How to enforce strong SSH MAC algorithms

Enforcing strong SSH message authentication code (MAC) algorithms protects management traffic against tampering and forgeries, ensuring configuration changes, file transfers, and administrative commands are not silently modified in transit. Tight MAC selection reduces exposure to older constructions with weaker integrity properties and aligns remote access with modern cryptographic policy baselines.

In OpenSSH, MAC negotiation occurs alongside key exchange and ciphers; the server proposes its configured MACs list, the client sends its own preferences, and both sides agree on a common algorithm. The MACs directive in /etc/ssh/sshd_config controls which algorithms the server is willing to use, so explicitly defining a hardened set prevents fallback to weaker options such as hmac-sha1 or legacy MD5-based modes.

Restricting MAC algorithms can affect compatibility with older clients, embedded systems, and network appliances that do not support modern hmac-sha2-256 or hmac-sha2-512 variants or the newer encrypt-then-MAC constructions.

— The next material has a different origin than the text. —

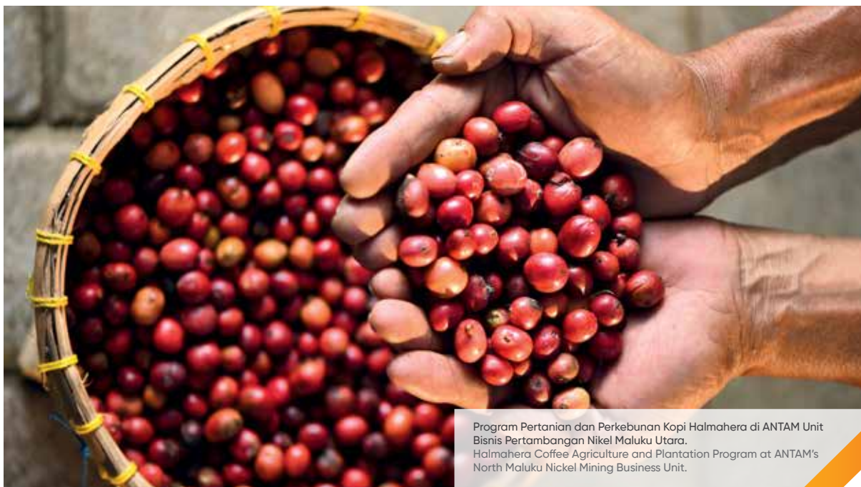
Program Pertanian dan Perkebunan Kopi Halmahera di ANTAM Unit Bisnis Pertambangan Nikel Maluku Utara. Halmahera Coffee Agriculture and Plantation Program at ANTAM's North Maluku Nickel Mining Business Unit.

Before enforcing a strict MAC policy, ensure console or out-of-band access exists, take backups of SSH configuration, and plan a maintenance window so misconfiguration or client incompatibility does not cause an extended lockout.

1. Open a terminal with privileges that allow editing SSH daemon configuration.

   $ whoami
   admin

2. Inspect the MAC algorithms currently enabled in the SSH daemon effective configuration.

   $ sudo sshd -T | grep macs
   macs hmac-sha2-512-etm@openssh.com,hmac-sha2-256-etm@openssh.com,hmac-sha2-512,hmac-sha2-256,hmac-sha1

   The sshd -T output shows the effective configuration after all includes and defaults are applied.

3. Create a timestamped backup of the current SSH daemon configuration file.

   $ sudo cp /etc/ssh/sshd_config /etc/ssh/sshd_config.bak-$(date +%F)

   Accidentally removing all acceptable authentication or MAC options in /etc/ssh/sshd_config can prevent new SSH logins until the backup is restored locally.

4. Open the SSH daemon configuration file /etc/ssh/sshd_config in a text editor with root privileges.

   $ sudo nano /etc/ssh/sshd_config

5. Add or update the MACs directive so only strong algorithms are permitted.

   MACs hmac-sha2-512-etm@openssh.com,hmac-sha2-256-etm@openssh.com,hmac-sha2-512,hmac-sha2-256

   Removing hmac-sha1 and older algorithms may block legacy clients that have not been updated to support hmac-sha2* MACs.

6. Save the changes in the editor and close the configuration file.

   Ensure no additional MACs directives remain elsewhere in the file to avoid confusion about which setting is effective.

7. Validate the sshd configuration syntax before applying the new MAC policy.

   $ sudo sshd -t

   No output from sshd -t indicates the configuration passes syntax checks.

8. Reload the SSH daemon to apply the hardened MAC configuration without dropping existing sessions.

   $ sudo systemctl reload ssh

   On systems where the service is named sshd instead of ssh, run sudo systemctl reload sshd.

9. Confirm from a separate system that connections negotiate one of the configured strong MAC algorithms.

   $ ssh -vv admin@server.example.com exit
   ##### snipped #####
   debug1: kex: algorithm: curve25519-sha256
   debug1: kex: host key algorithm: ecdsa-sha2-nistp256
   debug1: kex: algorithm: curve25519-sha256
   debug1: kex: MAC: hmac-sha2-256-etm@openssh.com
   ##### snipped #####
   Connection to server.example.com closed.

   Verification from an independent client confirms that the hardened MACs configuration is being enforced and that at least one strong algorithm is successfully negotiated.